Exercise goal: The pictures in the listing below are to be skipped, while the lines between the line holding "第23条 委員会、委員長およ" and the line holding "エルメスのコレクションを語る上で欠かせない存在である、マルタンマルジェラのデザインとして知られる「Cape Cod /", inclusive, are to be output exactly.

Data provided:
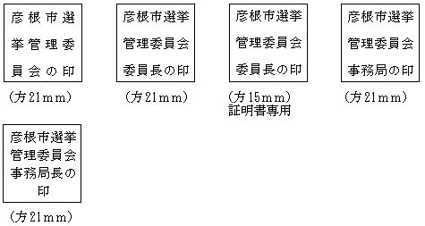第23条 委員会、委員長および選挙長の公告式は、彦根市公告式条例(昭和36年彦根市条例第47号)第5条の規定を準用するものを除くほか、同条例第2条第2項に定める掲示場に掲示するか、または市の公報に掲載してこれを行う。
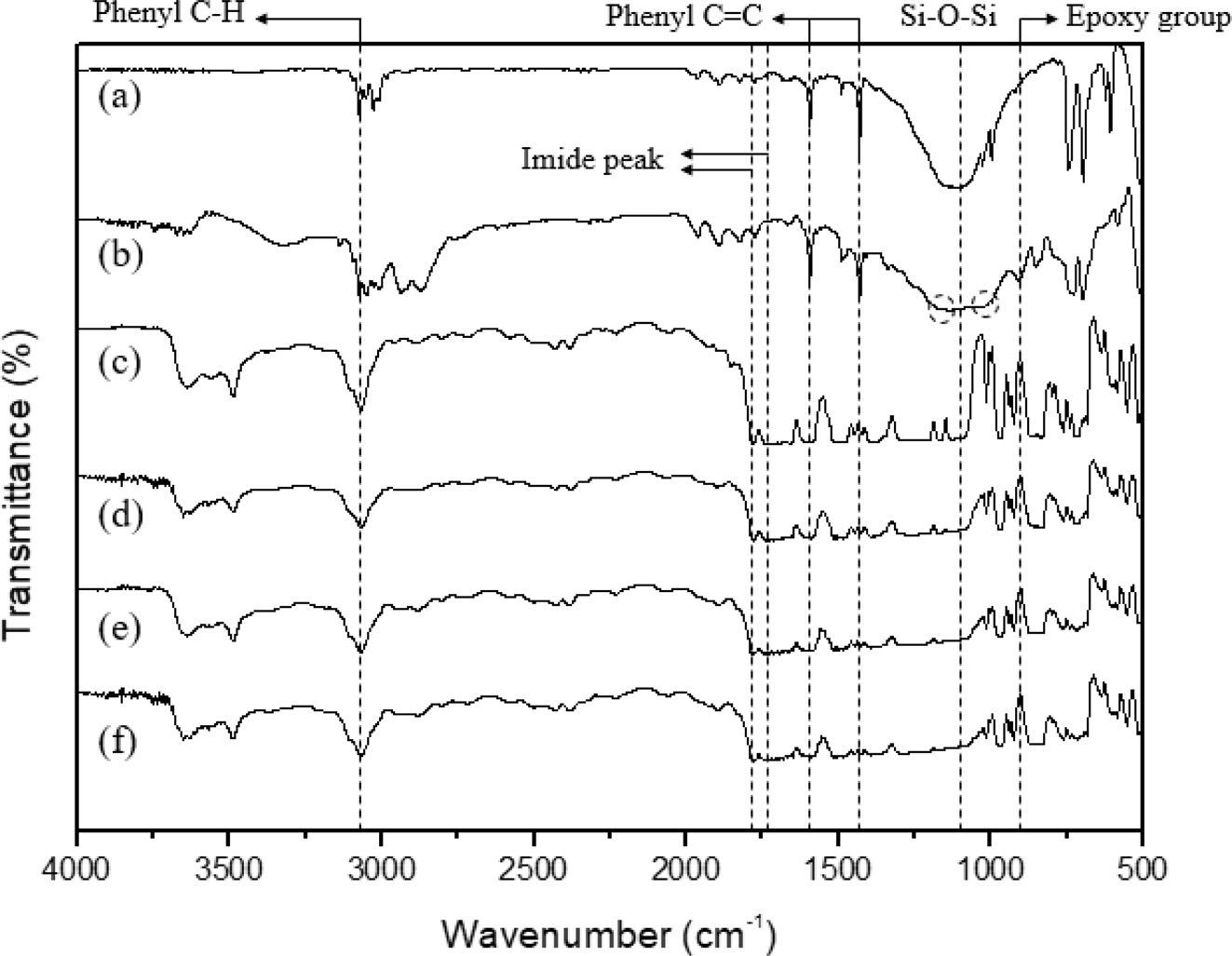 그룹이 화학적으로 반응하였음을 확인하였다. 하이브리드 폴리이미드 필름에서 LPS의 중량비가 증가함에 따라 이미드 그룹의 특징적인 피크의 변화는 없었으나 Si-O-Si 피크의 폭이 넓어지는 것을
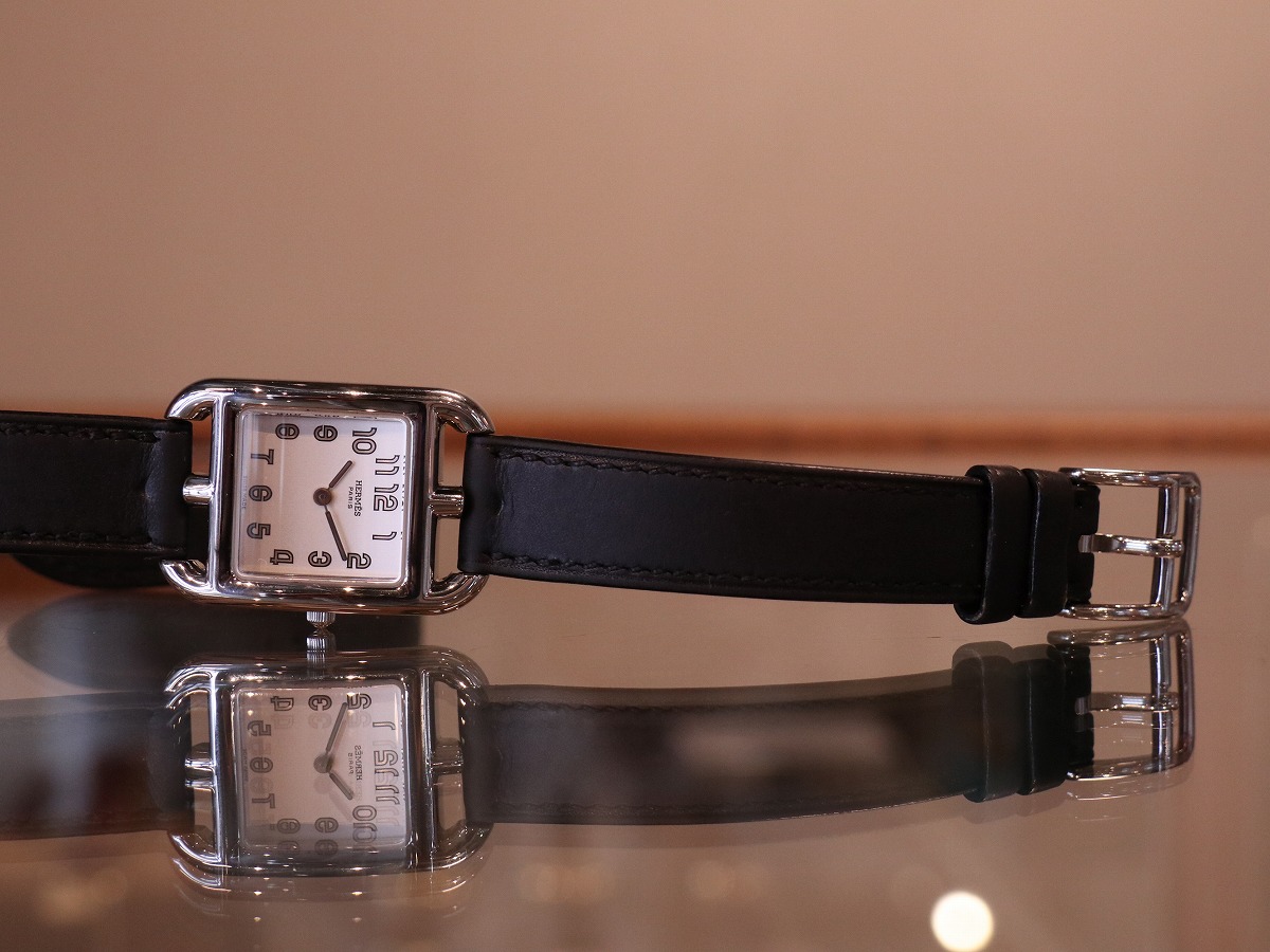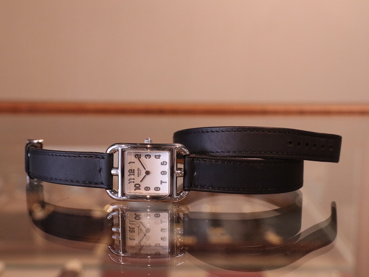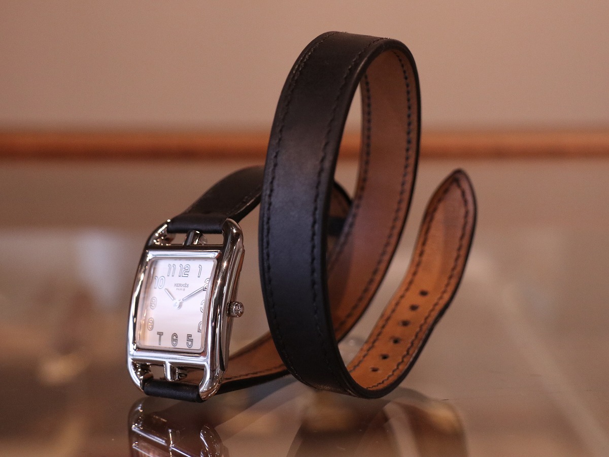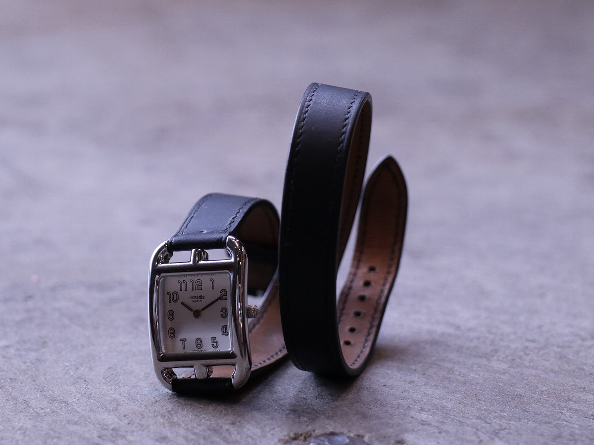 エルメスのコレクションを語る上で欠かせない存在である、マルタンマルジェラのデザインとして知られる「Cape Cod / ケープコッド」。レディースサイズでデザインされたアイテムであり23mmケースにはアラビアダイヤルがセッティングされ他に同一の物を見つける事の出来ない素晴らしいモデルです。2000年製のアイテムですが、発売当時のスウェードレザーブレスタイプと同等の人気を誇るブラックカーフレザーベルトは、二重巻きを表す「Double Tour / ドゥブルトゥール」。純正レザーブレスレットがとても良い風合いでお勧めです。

---

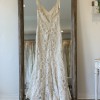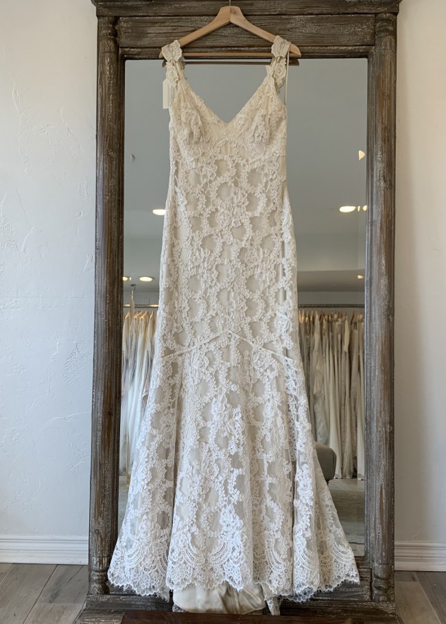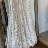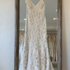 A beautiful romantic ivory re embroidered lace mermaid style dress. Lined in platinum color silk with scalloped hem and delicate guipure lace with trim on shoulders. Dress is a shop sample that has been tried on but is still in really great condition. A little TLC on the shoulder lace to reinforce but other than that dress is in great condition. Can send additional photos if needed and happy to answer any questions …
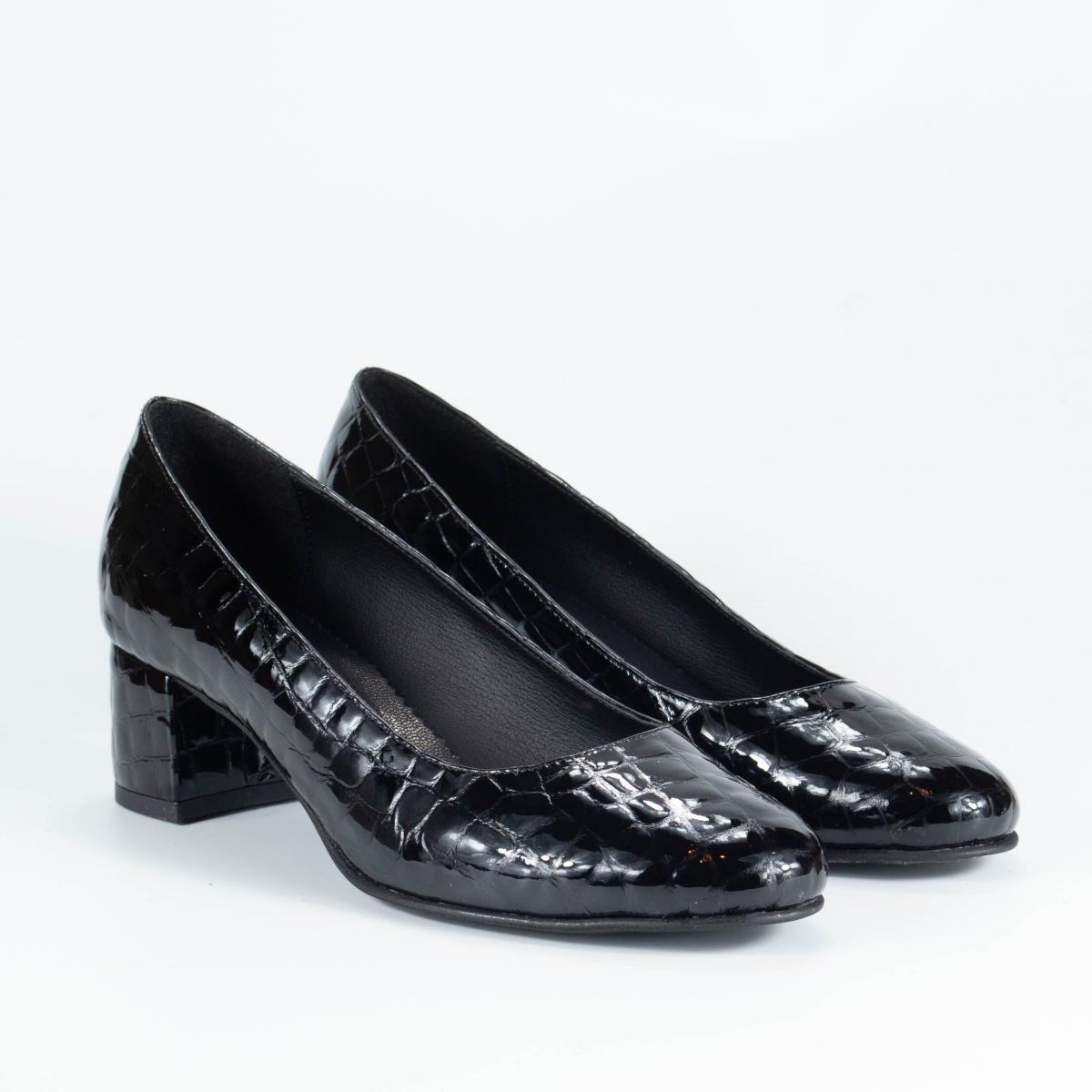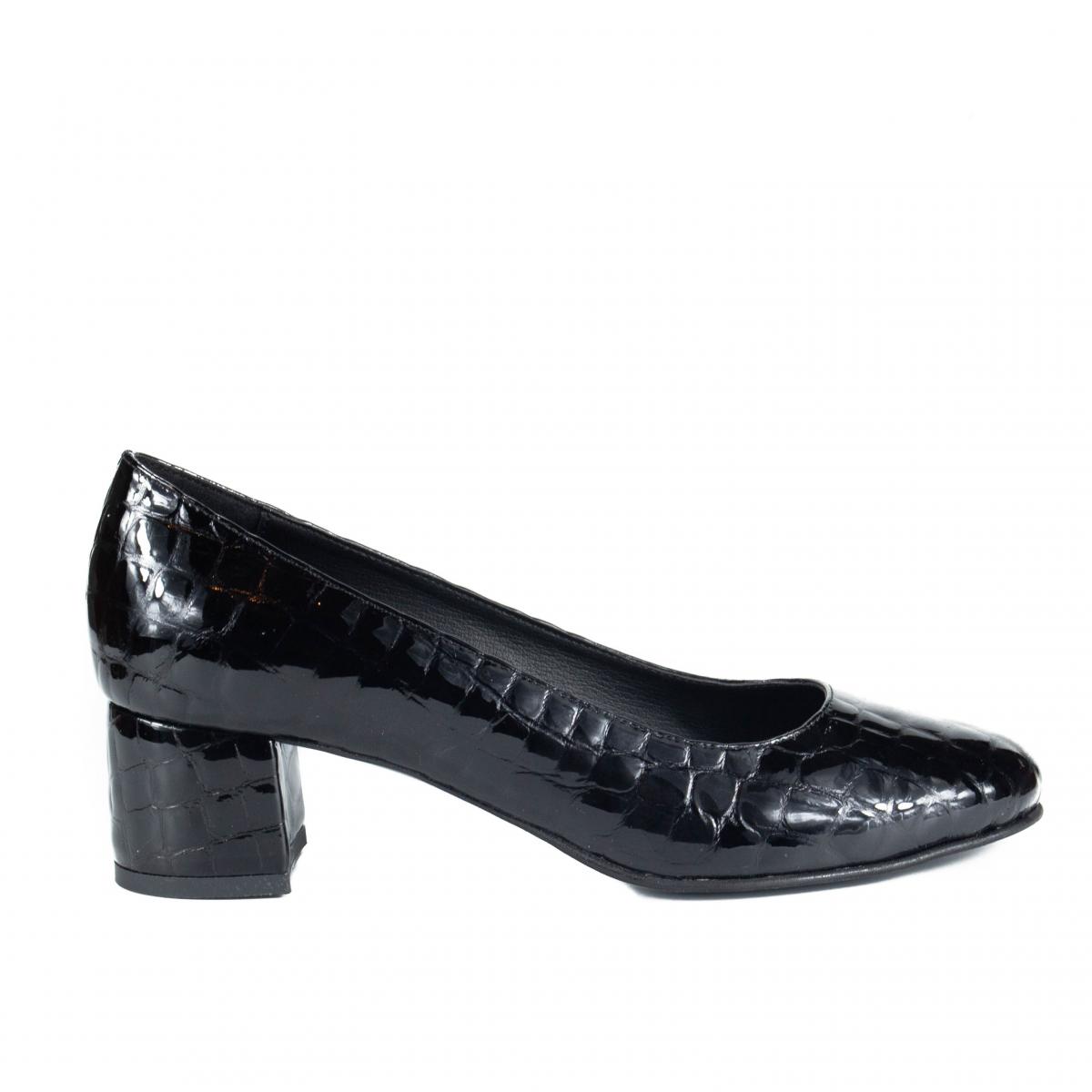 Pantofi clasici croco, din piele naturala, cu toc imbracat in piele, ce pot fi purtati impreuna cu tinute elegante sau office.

* * *

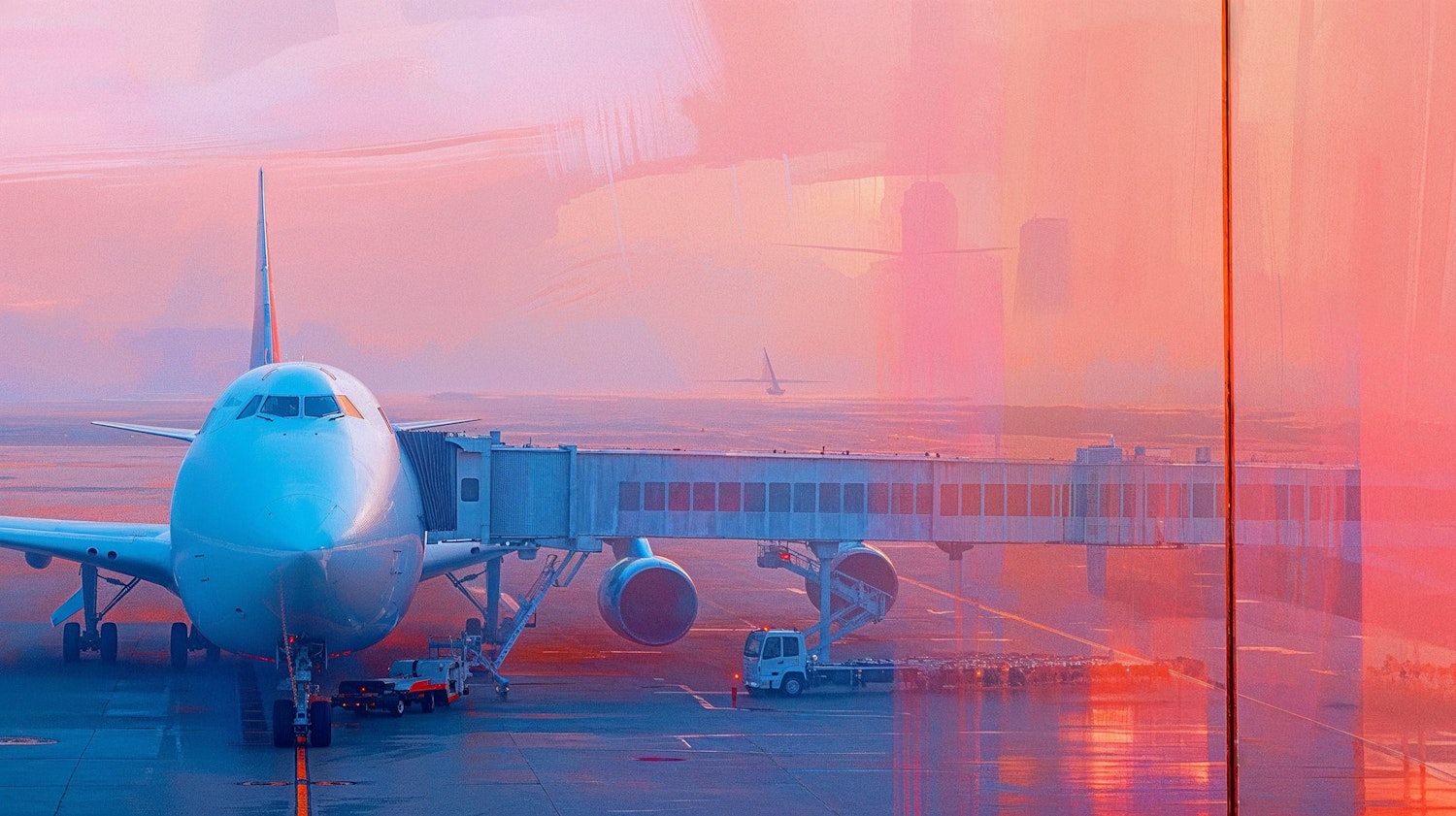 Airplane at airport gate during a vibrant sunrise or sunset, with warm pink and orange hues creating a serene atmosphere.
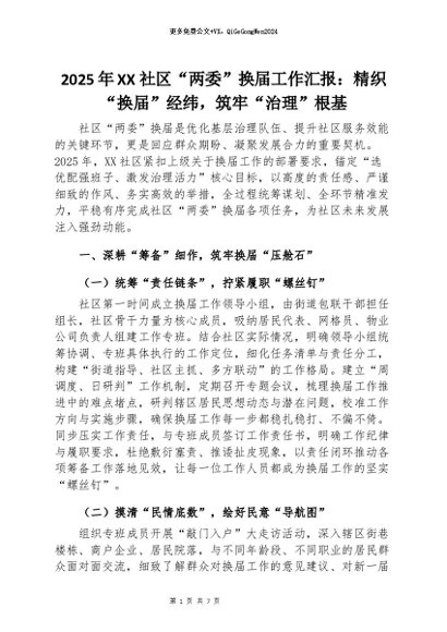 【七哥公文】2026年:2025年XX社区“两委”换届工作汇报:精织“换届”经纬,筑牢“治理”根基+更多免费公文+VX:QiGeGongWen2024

Task answer:
第23条 委員会、委員長および選挙長の公告式は、彦根市公告式条例(昭和36年彦根市条例第47号)第5条の規定を準用するものを除くほか、同条例第2条第2項に定める掲示場に掲示するか、または市の公報に掲載してこれを行う。
 그룹이 화학적으로 반응하였음을 확인하였다. 하이브리드 폴리이미드 필름에서 LPS의 중량비가 증가함에 따라 이미드 그룹의 특징적인 피크의 변화는 없었으나 Si-O-Si 피크의 폭이 넓어지는 것을
 エルメスのコレクションを語る上で欠かせない存在である、マルタンマルジェラのデザインとして知られる「Cape Cod / ケープコッド」。レディースサイズでデザインされたアイテムであり23mmケースにはアラビアダイヤルがセッティングされ他に同一の物を見つける事の出来ない素晴らしいモデルです。2000年製のアイテムですが、発売当時のスウェードレザーブレスタイプと同等の人気を誇るブラックカーフレザーベルトは、二重巻きを表す「Double Tour / ドゥブルトゥール」。純正レザーブレスレットがとても良い風合いでお勧めです。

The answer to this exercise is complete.